Search code examples
regexpython-re

What is the correct Regex to find a letter but NOT if it appears in a bigger pattern/word/phrase?


I am looking to use Regex to find all instances of a certain letter in a given string, but NOT if that letter appears in a larger word/phrase. For example:

For test string:

lag(a,1) + 252*a + max(3a*2) / 5*pctrange(a,10)

I want to obtain all instances of the letter 'a' excluding the letter 'a' that appears in the following three words:

lag max pctrange

i.e. I would like to use Regex to get all instances of the letter 'a' as highlighted here:

lag(a,1) + 252*a + max(3a*2) / 5*pctrange(a,10)

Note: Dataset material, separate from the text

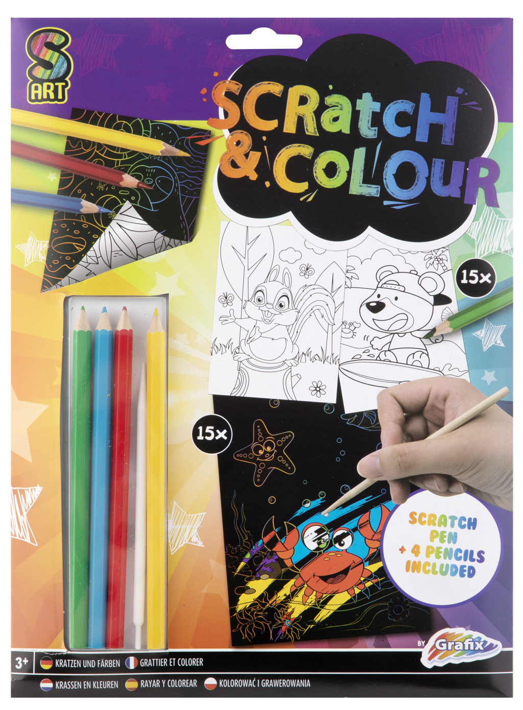 - Rozmanitá tvůrčí zábava - vyškrabávací i vymalovávací technika v jednom balení.

I attempted to use the following Regex but it keeps including the character after my desired letter 'a':

a[^"lag|max|pctrange"]

To provide some context, I'm in Python looking to replace these 'a' instances using the re module:

import re
string = "lag(a,1) + 252*a + max(3a*2) / 5*pctrange(a,10)"
words = ["lag", "max", "pctrange"]
replace = "_"
re.sub(f"a[^\"{'|'.join(words)}\"]", replace, string)

This results in the (undesired) output:

lag(_1) + 252*_+ max(3_2) / 5*pctrange(_10)

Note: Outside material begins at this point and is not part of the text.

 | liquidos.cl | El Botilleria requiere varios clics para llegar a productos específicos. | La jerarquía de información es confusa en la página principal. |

I would like instead for the output to be the following:

lag(_,1) + 252*_ + max(3_*2) / 5*pctrange(_,10)

Edit: Note that the search isn't always for a single letter, for example sometimes I want to search for "aa" instead of "a", or "bdg" instead of "a" etc. It's more important to focus on the list of words to be excluded (e.g. in the above example, "lag" "max" and "pctrange").. I don't need to ignore anything other than the specific words that show up in this list. Thank you.


Solution

  • To prevent a from being matched if adjacent to another letter try negative lookarounds.

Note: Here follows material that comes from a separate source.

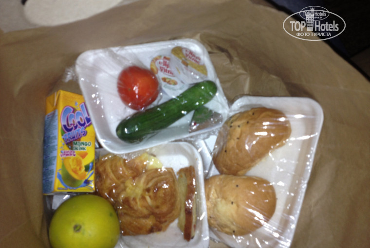 Выезжали мы из отеля рано и нам был положен сухой паек, скажу сразу НЕ БЕРИТЕ! туда входит : две обычные булки, два типа круасана без начинки, зеленый апельсин (хотя может это был и лимон мы так и не поняли) огурец (умерший еще три дня назад), помидор, масло сливочное и пакетик сока. И всё это втаком виде словно это уже раз 500 развернули потом опять свернули и вам впаривают.

    (?i)(?<![a-z])a(?![a-z])
    

    See this demo at regex101 - Used the (?i) flag for caseless matching: [a-z][a-zA-Z]


    Update: To skip certain words and match the remaining a try PyPI regex using verbs (*SKIP)(*F).

    import regex as re
    str = re.sub(fr"\b(?i:{'|'.join(words)})\b(*SKIP)(*F)|a", "_", str)
    

    Another demo at regex101 or see a Python demo at tio.run

    What's on the left side of the | alternation will be skipped and what's on the right get matched. Used i ignorecase-flag and \b word boundaries for words inside the (?: non capturing group ).